Votre viande, saignante ou à point?
Adapter l'histoire d'Hannibal Lecter en série TV, voilà une idée audacieuse, tant le personnage a été malmené au cinéma, transformant un tueur en série terrifiant et monstreux lors de ses 2 premières apparitions (Manhunter et Le Silence des Agneaux) cinématographiques en tueur grandiloquent de bouffonnerie et de ridicule dans les 3 films suivants (Hannibal, Dragon Rouge et Les Origines du Mal). C'est donc dubitatif que j'entame le visionnage de la série.
Bien m'en a pris, parce que c'est une authentique réussite, tout du moins lors de la première saison.
Les scénaristes abordent tout un pan de l'histoire du cannibale le plus célèbre d'Hollywood qui n'est pas encore connu, narrant les premières rencontres entre le profiler Will Graham, Jack Crawford, le directeur du département des tueurs en série et le psychiatre amateur de la bonne chair. On y suit donc des affaires qui sont juste évoquées dans les romans de Thomas Harris (les affaires Garret Jacob-Hobbs et l'éventreur de Cheasapeake) et c'est un vrai jeu de cache-cache entre les scénaristes et les fans des romans. On y découvre plus en détail des personnages qui sont à peine esquissés dans le matériel original comme le docteur Alana Bloom (Alan Bloom dans le roman), amie et collègue de Will Graham, et Freddie Lounds, journaliste du journal à sensation Tattler.
La première saison prend un peu de temps pour prendre ses marques, il faut attendre quelques épisodes avant de découvrir le vrai visage d'Hannibal Lecter campé par un Mads Mikkelsen incroyable de présence et de prestance. Mais après, ça devient carrément jouissif, on plonge totalement dans le monde des sociopathes tueurs narcissiques, avec parfois des rencontres impromptues (notamment Hannibal et un autre personnage qui devinent la véritable nature de l'un et l'autre dès le premier coup d'oeil). C'est un peu le cercle secret des serial killers qui se confrontent principalement à travers des joutes verbales philosophiques. On assiste alors à des dialogues savoureux et hors de toutes réalités.
Mais la plus grande réussite de la série, c'est surtout son esthétique superbement léchée. L'esprit raffiné du Dr Lecter est traduit par une atmosphère feutrée dont la beauté parfois macabre imprègne la plupart des scènes.

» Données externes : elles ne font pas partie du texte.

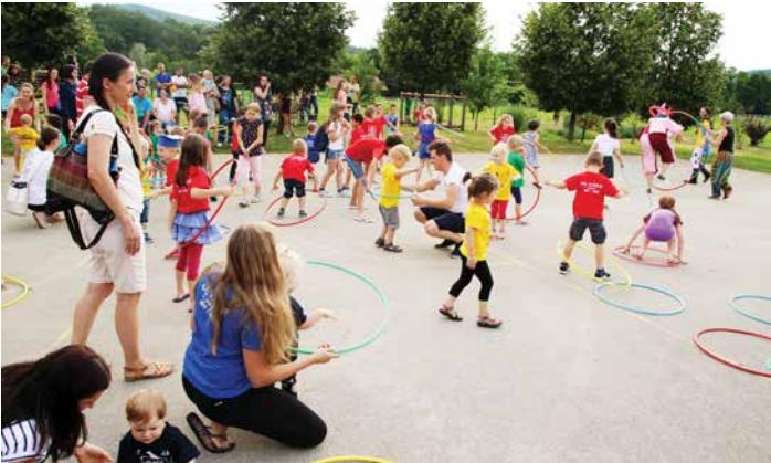
Zaključna animacija s hula hop obroči, junij 2018.

Vsa srečanja vsebujejo prav tako zanimive delavnice z izdelki, ki jih pripravimo in vodimo delavke. Otroci izdelke, ki jih izdelajo skupaj s svojimi starši, odnesejo domov.

Et que dire des scènes de repas, et de cuisine, qui sont filmées avec moults détails et ralentis, honorant la délicatesse et la sophistication des recettes tout en sachant que les ingrédients (frais bien entendu!) ne sont pas toujours d'origine animal (enfin si, d'une certaine manière ;-)). Ça donne envie, et on assisterait bien à un dîner chez ce bon vieux Hannibal (ha si seulement ses convives savaient ce qu'il y a dans leurs assiettes!).
Malheureusement, la deuxième saison n'est pas aussi réussie, la série choisissant de quitter totalement le peu de réalité qu'il y avait, pour s'engager dans des niveaux de lectures parfois tarabiscotés, franchissant les limites à plusieurs reprises, le sens commun n'étant plus qu'un lointain souvenir. En fait, les scénaristes ont tendances à s'embourber dans leurs histoires, car en s'approchant de plus en plus aux intrigues des romans et des films, leurs fâcheuses tendances à réécrire l'histoire et d'essayer de prendre à revers les attentes des lecteurs, on assiste à des scénarios qui partent dans tous les sens, sans grande cohérence sur le long terme, et égarant au passage tout ce qui faisait la grande qualité de la première saison, c'est-à-dire une montée crescendo de la découverte du véritable Hannibal Lecter.
Le final de la saison 2 permet de rattraper un peu les dégâts, on assiste à un beau bain de sang dont aucun personnages n'en sortent indemnes, ce qui ouvre la voie à une 3eme saison très ouverte et pourquoi pas des scénaristes qui retrouvent une certaine liberté dans leurs scripts?
Saison 1 : 8
Saison 2 : 6
Vivement la suite!
Déconseillé quand même pour les végétariens, le plat principale, c'est quand même de la bidoche bien saignante!